Yes, and no.
US currency is always valid for payment of debts in the United States.
If a person already owes someone a sum of money, and US currency is refused, the debt may be cancelled.
An offer to pay the debt by legal tender would have been refused. In a court of law, the person refusing the money would have to justify it.
However, in a transaction involving personal services or to exchange for goods of any type, the person providing the goods and services can specify the valid forms of payment. That would be written or verbal contracts, and they don't have to accept US Currency. They can state any form of payment that does not violate discrimination laws.
Let's say someone is selling a car. They can state "I only accept gold or silver coins".
You can offer a suitcase full of cash, and they don't have to accept it in exchange for the car.
Outside the US, the US Government has no authority, people do not have to accept US currency.
There are 164 currencies around the world and 195 countries, so some countries can use currency of another.
Bonaire, an island municipality of the Netherlands, lies off Venezuela’s coast in the southern Caribbean. They use US Dollars as official currency.
Also, other non-USA islands and independent countries shown here also use US Dollars as currency.

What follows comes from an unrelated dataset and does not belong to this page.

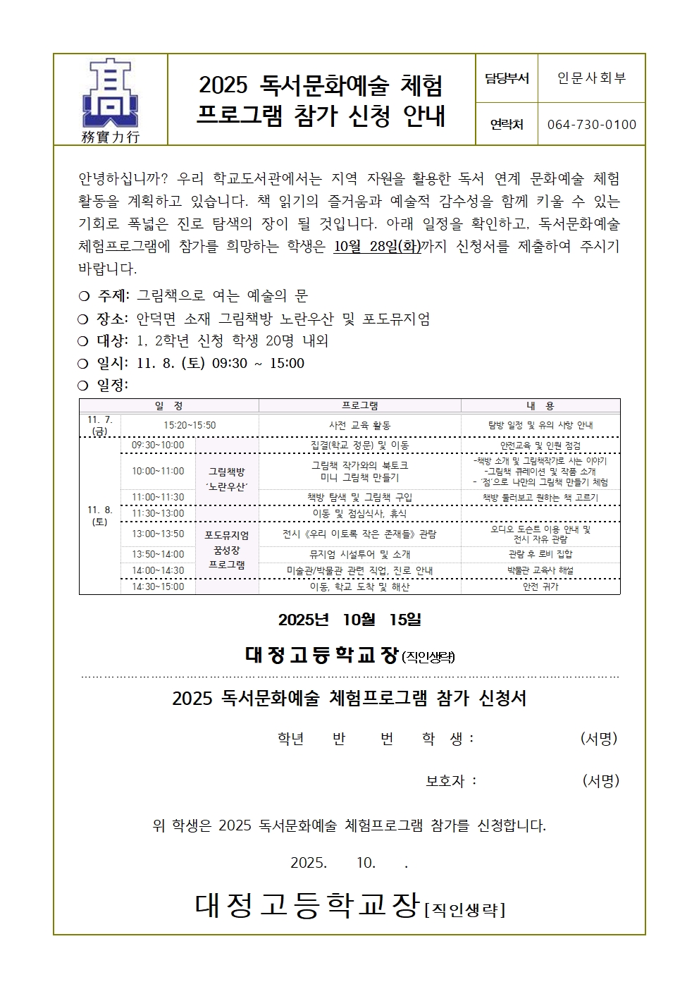 가정통신문(2025 독서문화예술 체험프로그램 참가 신청).hwpx

British Indian Ocean Territory (UK), British Virgin Islands (UK), Caribbean Netherlands (Netherlands), Ecuador, El Salvador, Marshall Islands, Micronesia, Palau, Panama, Saba (Netherlands), Sint Eustatius (Netherlands), Timor-Leste, Turks and Caicos Islands (UK), Zimbabwe
Add: Many people and businesses around the world accept US currency at an exchange rate of their choice you both agree upon.
If the example and wording is read carefully, there is a difference of settle a debt versus a transaction contract.

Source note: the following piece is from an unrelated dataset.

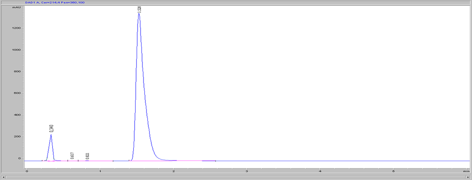 The chromatogram of the afobazole standard solution was obtained by applying above described chromatographic conditions. The specificity and selectivity describe the capacity of the analytical method to measure the drug in the presence of impurities, excipients, degradation products or matrix components. These parameters were determined by comparing the chromatograms of the afobazole standard solution and test solution. The chromatogram of the afobazole standard solution presented a peak in the time retention of 1.5 min (fig. 1). The chromatogram of afb-m solution (test solution) (fig. 2) showed a peak and retention time similar to afobazole standard solution. The components of the microcapsules do not interfere with the analysis; therefore, no peak is observed in the region of the main peak of afobazole (fig. 2). The chromatogram peaks are well resolved, indicating the high specificity of the method.

I very carefully crafted the difference. Already owes versus a new transaction.
A person does NOT have to accept money as payment for goods and services.
If the goods and services created a debt, with no pre-arranged contract of payment method, THEN the debt is settled with cash.
< If a person already owes someone a sum of money, and US currency is refused, the debt may be cancelled. >
That's simply not correct.
From the US Treasury site
I thought that United States currency was legal tender for all debts. Some businesses or governmental agencies say that they will only accept checks, money orders or credit cards as payment, and others will only accept currency notes in denominations of $20 or smaller. Isn't this illegal?
The pertinent portion of law that applies to your question is the Coinage Act of 1965, specifically Section 31 U.S.C. 5103, entitled "Legal tender," which states: "United States coins and currency (including Federal reserve notes and circulating notes of Federal reserve banks and national banks) are legal tender for all debts, public charges, taxes, and dues."
This statute means that all United States money as identified above are a valid and legal offer of payment for debts when tendered to a creditor. There is, however, no Federal statute mandating that a private business, a person or an organization must accept currency or coins as for payment for goods and/or services. Private businesses are free to develop their own policies on whether or not to accept cash unless there is a State law which says otherwise. For example, a bus line may prohibit payment of fares in pennies or dollar bills. In addition, movie theaters, convenience stores and gas stations may refuse to accept large denomination currency (usually notes above $20) as a matter of policy.
Yes, you can refuse to accept US dollars. As long as you aren't using this as a pretext for illegal discrimination (only white people can pay with dollars) or violating other laws (like asking for payment in sex), you can ask for payment in goods or money or whatever you want.